Computerized Spanish linguistic system - SLEI
Author: Sergio Marrero Suárez
Tutor: Francisco Javier Carreras Riudavets
The present project contemplates the creation of an information system that contains the Spanish Linguistic System in reference, mainly, to the morphology and also those static aspects of the syntax and the semantics susceptible to be contemplated and of interest for the processing of the natural language . It allows the storage and control of the following characteristics of the Spanish language: canonical forms, grammatical categories, gender and number, appreciation, derivation, old or unusual, verbal conjugation, meanings, suffixation, prefixation, parasynthesis and others, morphological relationships, synonymy, prepositional regimes, semantic classification, meanings and location of the source. The System reflects the relationships that exist in the Spanish language between the different characteristics contemplated, as well as the large number of exceptions and irregularities of our language in the aspects collected.
Given the complexity of the Spanish Linguistic System, it is necessary to develop a system capable of storing information in an orderly, simple and structured way, and reflecting the abundance of exceptions and irregularities in our language.
The System must contemplate the entries of the main lexicographical repertoires of the Spanish language, its different meanings, trying to minimize the redundancy, especially in the synonyms, grammatical categories to which it belongs, the different semantic classifications of the word, its heteronyms, endings that are associated with it, etc.
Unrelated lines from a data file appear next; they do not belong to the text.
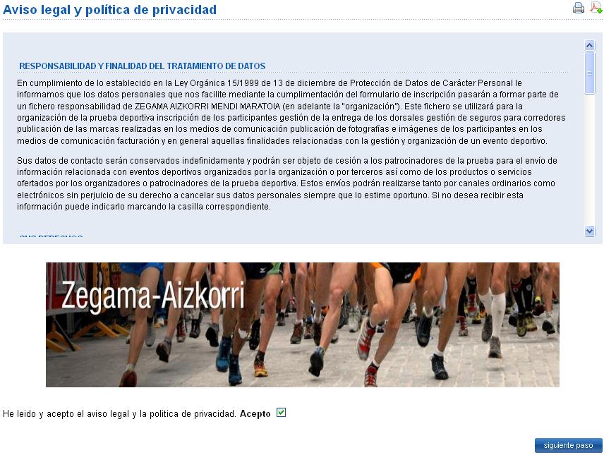 6.- Seleccionar la opción "Acepto" y clicar sobre el icono "Siguiente paso"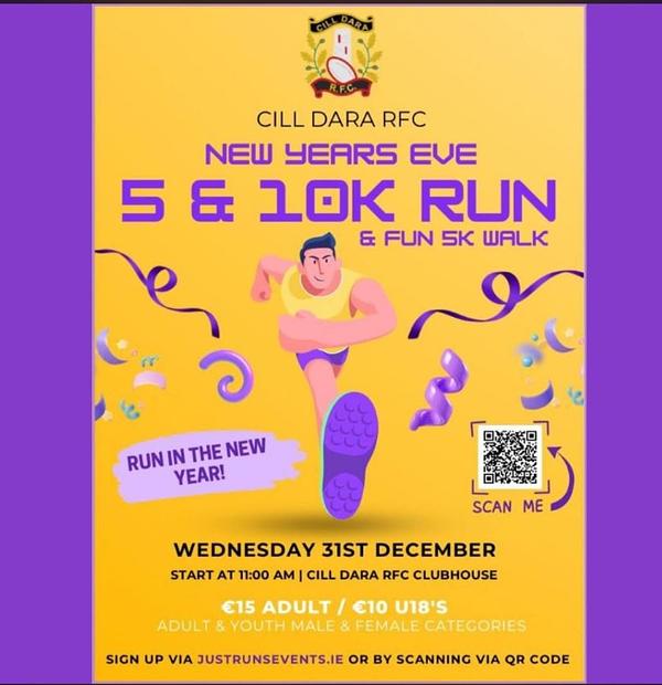 The Cill Dara Rugby Club Walk/Run 5k & 10k takes place on New Year’s Eve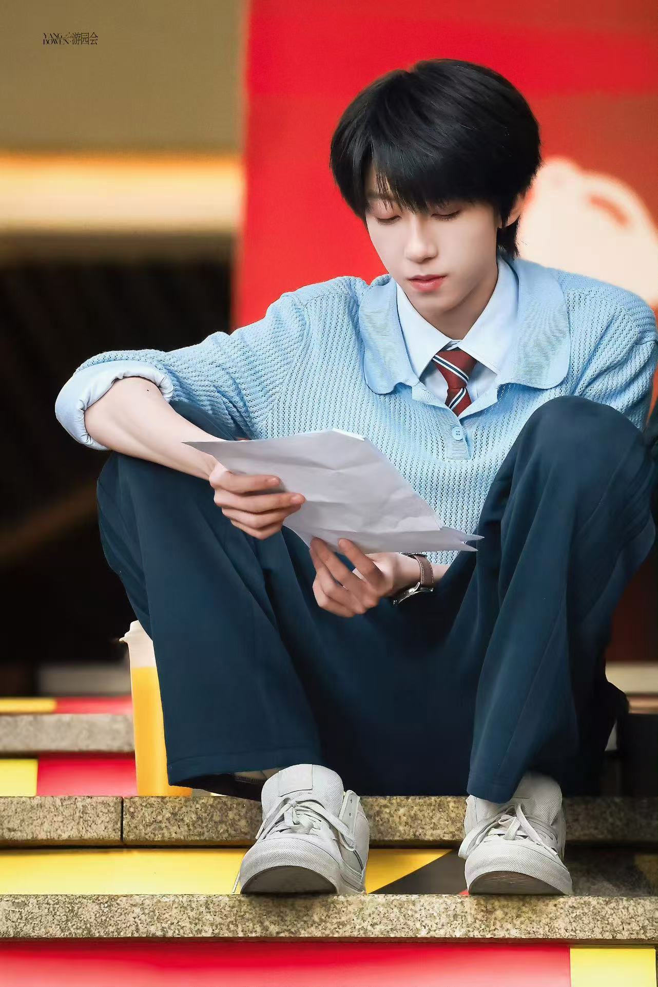 杨博文叠穿张函瑞张桂源杨博文一起上班张函瑞张桂源杨博文一起上班,杨博文叠穿,白衬衫领带叠穿蓝色针织衫,这个博文已经有了微微轻熟感,咱就说就怕年下会穿又会going啊!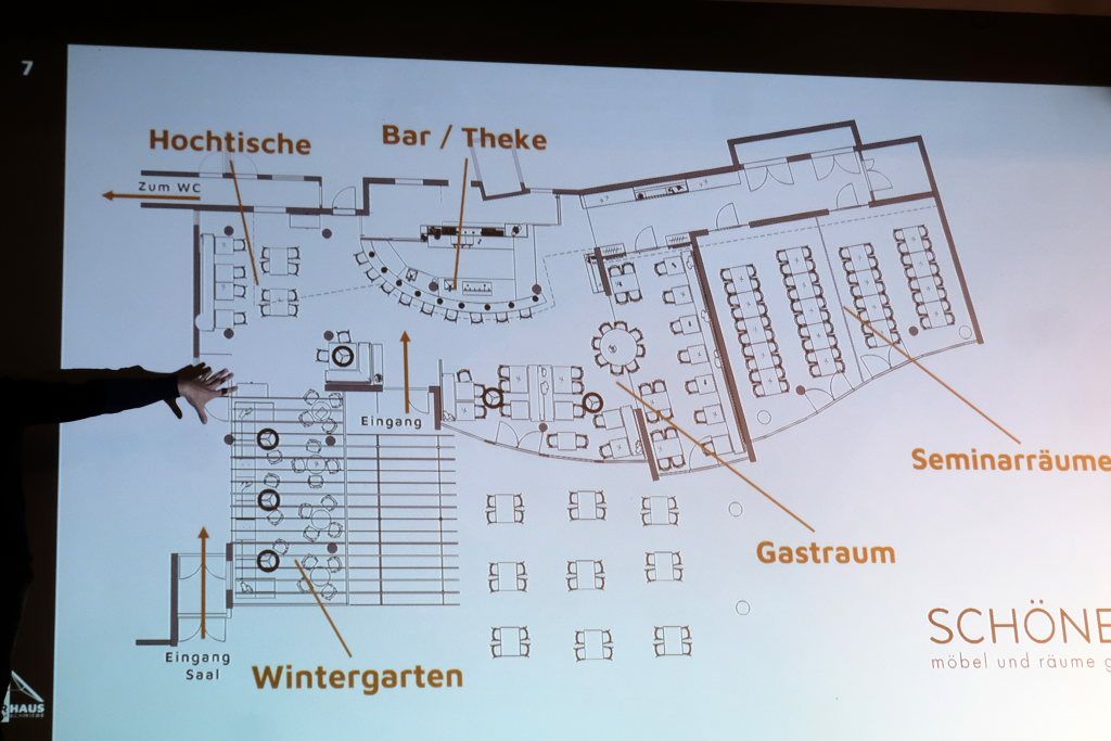 Das bisherige Foyer wird zur Lounge mit direkter Anbindung an den Restaurantbereich umgestaltet, wo man es sich in bequemen Sesseln gutgehen lassen kann. Beim Betreten des Restaurants erblickt der Besucher zunächst den Bistrobereich mit Hochtischen und Hochstühlen mit dem Kernstück, der geschwungenen Bistro-Theke. Rechts davon schließt sich der Restaurantbereich an, an die wiederum die Seminarräume angegliedert sind.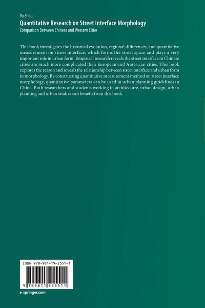 Introduction.- Part 1: Street interface in historical and regional context.- Chapter 1: The historical evolution of street interface in Chinese cities.- Chapter 2: The historical evolution of street interface in European cities.- Chapter 3: The comparison of street interface between Chinese and Western Cities.- Part 2: Quantitative method of street interface morphology.- Chapter 4: Review of qualitative research on street morphology.- Chapter 5: Review of quantitative research on street morphology.- Chapter 6: Constructing quantitative method on street interface morphology.- Part 3: Empirical application of quantitative method.- Chapter 7: Street interface density.- Chapter 8: Build-to-line ratio and Near-line ratio.- Chapter 9: Integrated application.- Conclusion.

In turn, you should contemplate its morphology, differentiating between root and termination. The word is defined as the minimum and main unit of storage, without distinguishing morphemes. Next to this main unit of storage, the word, it is contemplated the different relationships that can have with other words such as:
- The synonymic relations.
- The prepositional regimes.
- The morphological relationships, contemplating the suffixation, prefixation and parasynthesis, representing in the form of families the structures they represent.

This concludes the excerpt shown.